Just reflecting on the data wrangling - it looks like the data on the excel (or CSV) sheet has to be set up just right to be able to use these coding exercises. Can you share more about the data file preparation? What practices we should have in place regarding variables, types of inputted data, etc? A lot of my time is spent in data cleaning before actually getting to the analyses. Sorry if I am getting ahead !

David Keyes

David Keyes

July 29, 2022

So I got this data from the NHANES r package. It's been a while so I don't remember exactly what I did (this is bad practice from a time I didn't know better), but in terms of general data cleaning advice, here are a couple articles:

https://ivelasq.rbind.io/blog/tidying-census-data/ https://evamaerey.github.io/little_flipbooks_library/data_cleaning/data_cleaning

The main thing I would say is that all data cleaning should happen in R so that you can always see what you did and re-run your cleaning code in the future (again, I didn't follow this advice).

Elsa Bailey

Elsa Bailey

October 4, 2022

Could you please go over the use of "quotes" around a term. When are quotes required, and when are they not necessary? For example, quotes are used here - select(contains("hlth_bad")). But no quotes are used here - select(marital_status, education). Thanks!

David Keyes

David Keyes

October 5, 2022

Yes, we can definitely discuss this!

Rachel Nicholson

Rachel Nicholson

October 5, 2022

I believe I'm having the same issue as described by Matt M below. I have run the clean_names function and I get an output with the new correct names.
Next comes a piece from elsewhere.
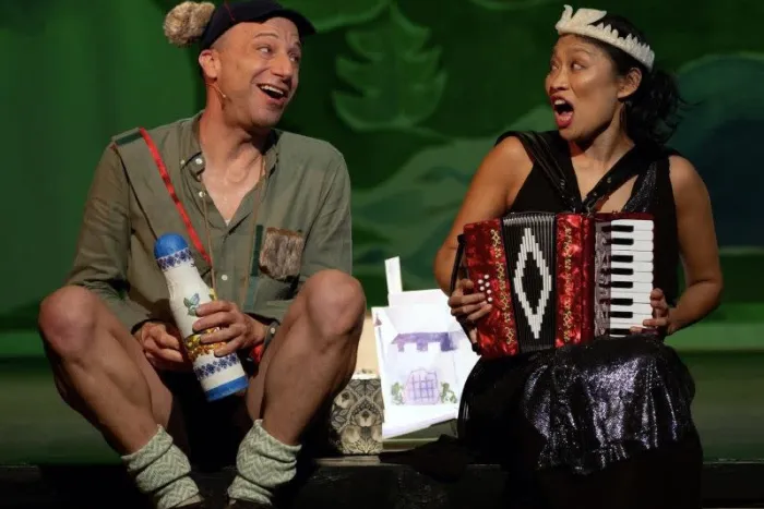 In this exuberant yet heartwarming original story, based on Slavic folklore, two performers play over fifteen roles, with the help of a host of puppets. The world of Baba Yaga and the Firebird bursts forth from the pages of a pop-up book and tells the story of a princess and a pauper who take a fantastical journey to beg the witch, Baba Yaga, for a firebird. Along the way, the wonder of the natural world and the enchanting people who inhabit it come alive through a musical form that is both unique and rooted in the oral tradition of storytelling.

However when I run the select functions if I don't put in the previous names I get an error message that says the columns don't exist. If I put in the non-cleaned names it works fine. I see that you have a video below, but I get a message that I don't have permission to view the video. Could you let me know what the solution was?

Rachel Nicholson

Rachel Nicholson

October 5, 2022

I found a temporary solution - if I run "clean_names" inside of each code chunk then it works, but I have to add that to every single code chunk. Is that correct?

Charlie Hadley

Charlie Hadley

October 6, 2022

Hello Alyssa! As a participant on our VSA course we had a live session where we discussed this. But so anyone reading the comments cane benefit. Let me answer our question here too. When we run code in R scripts or RMarkdown documents we are almost always outputting content to the console - there are things that appear under the code chunk or in the console. If we want to store the results of code then we must ensure to use an assignment, eg data_clean <- data_raw %>% clean_names()

If we don't make an assignment all that happens is the output is printed.